Mills conditionally allowed to sell sugar at Rs97

SC refers matter back to LHC with a direction to decide it within 15 days

Our Correspondent August 13, 2021
Industries Ministry pleaded the ECC that the Finance Division should arrange foreign exchange of $110 million for the import of 200,000 metric tons of sugar. PHOTO: FILE


The Supreme Court has conditionally allowed the sugar mills to sell the commodity at the fixed ex-mill rate of Rs97 per kilogramme and referred the matter back to the Lahore High Court (LHC) with a direction to decide it within 15 days.

On Tuesday, the federal government had filed an appeal before the apex court against the August 3 LHC order to grant stay to the sugar mills against the government’s measure to enforce sugar price and recover differential amount from them.

A three-member bench of the apex court, led by Justice Umar Ata Bandial, on Thursday heard the government’s appeal.

During the hearing, the additional attorney general told the court that the government had fixed the ex-mill rate of sugar at Rs84 per kilogramme while the sugar mill owners at Rs97 per kilogramme.

He said the government was the custodian of people’s rights and the authority to fix the price of sugar rests with it. He noted that the government had fixed the ex-mill price of the sugar but the LHC issued a stay order on it.

The additional attorney general said the sugar mill owners would sell the commodity at a higher price if the interim order of the LHC was not declared null and void.

Read More: Pakistan receives first two sugar shipments

On the other hand, the counsel for sugar mill owners maintained that declaring the interim order null and void would result in losses and the sugar mill owners would then lift the entire stock.
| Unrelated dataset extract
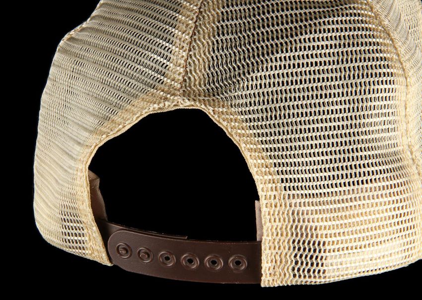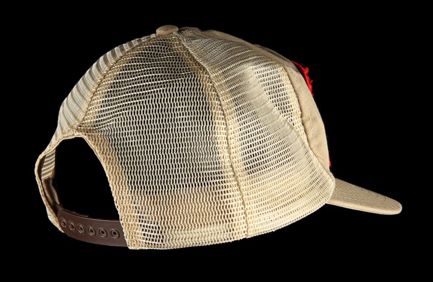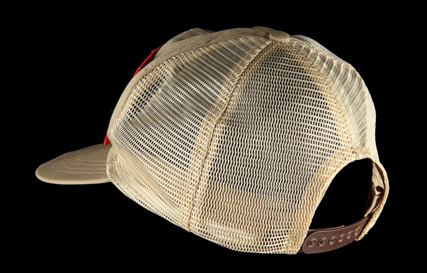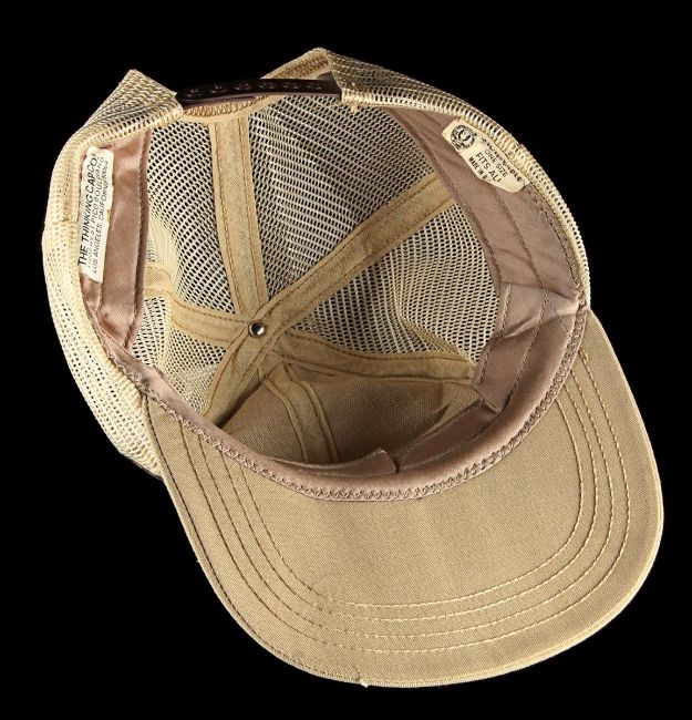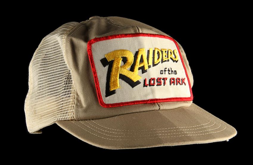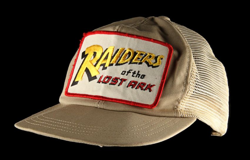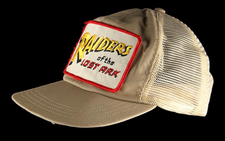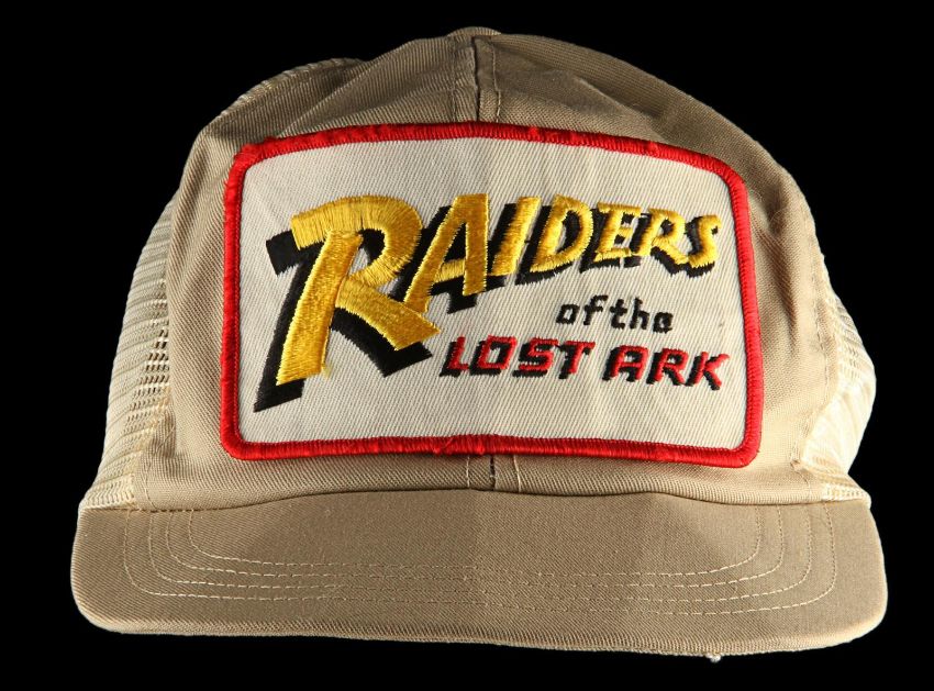 A production crew cap from Steven Spielberg’s action-adventure classic Raiders of the Lost Ark. These caps were given to crew members who worked on the film and can be seen in a well-known behind-the-scenes still of Spielberg as he looked over an art department set model. This incredibly rare hat was custom-made by The Thinking Cap Co and displays an embroidered “Raiders of the Lost Ark" patch using the Indiana Jones font in yellow, red and black. It is made from beige fabric and cream mesh, and includes an adjustable brown plastic sizing band. The cap shows some wear with plucked threads around the edge of the patch, and a broken end on the sizing band. VAT Status - Margin TRIANGLE

After listening to both the parties, the Supreme Court conditionally allowed sugar mills to sell the commodity at the fixed ex-mill rate.

The apex court ordered the sugar mill owners to calculate the difference in the rates suggested by them and the government and directed them to deposit the excess amount in the high court voluntarily.

The top court further declared that submission of surety bonds by the sugar mills was not enough and that the cane commissioner concerned should maintain a record of sugar stock and its sale.

The Supreme Court referred the case back to the LHC with a direction to decide it within 15 days.

In its remarks, the top court while observing that the case of sugar price fixation was pending before the LHC said the high court had issued a “one-sided” stay.

The bench noted that it was not the responsibility of the court to fix price or determine profit and loss but decide the case on legal points.

It further said that the “intervention” of the high courts in matters pertaining to fixation of price was tantamount to “entering the unlawful jurisdiction”.

The counsel for mill owners said his clients were ready to submit the amount based on the difference in prices to the LHC deputy registrar.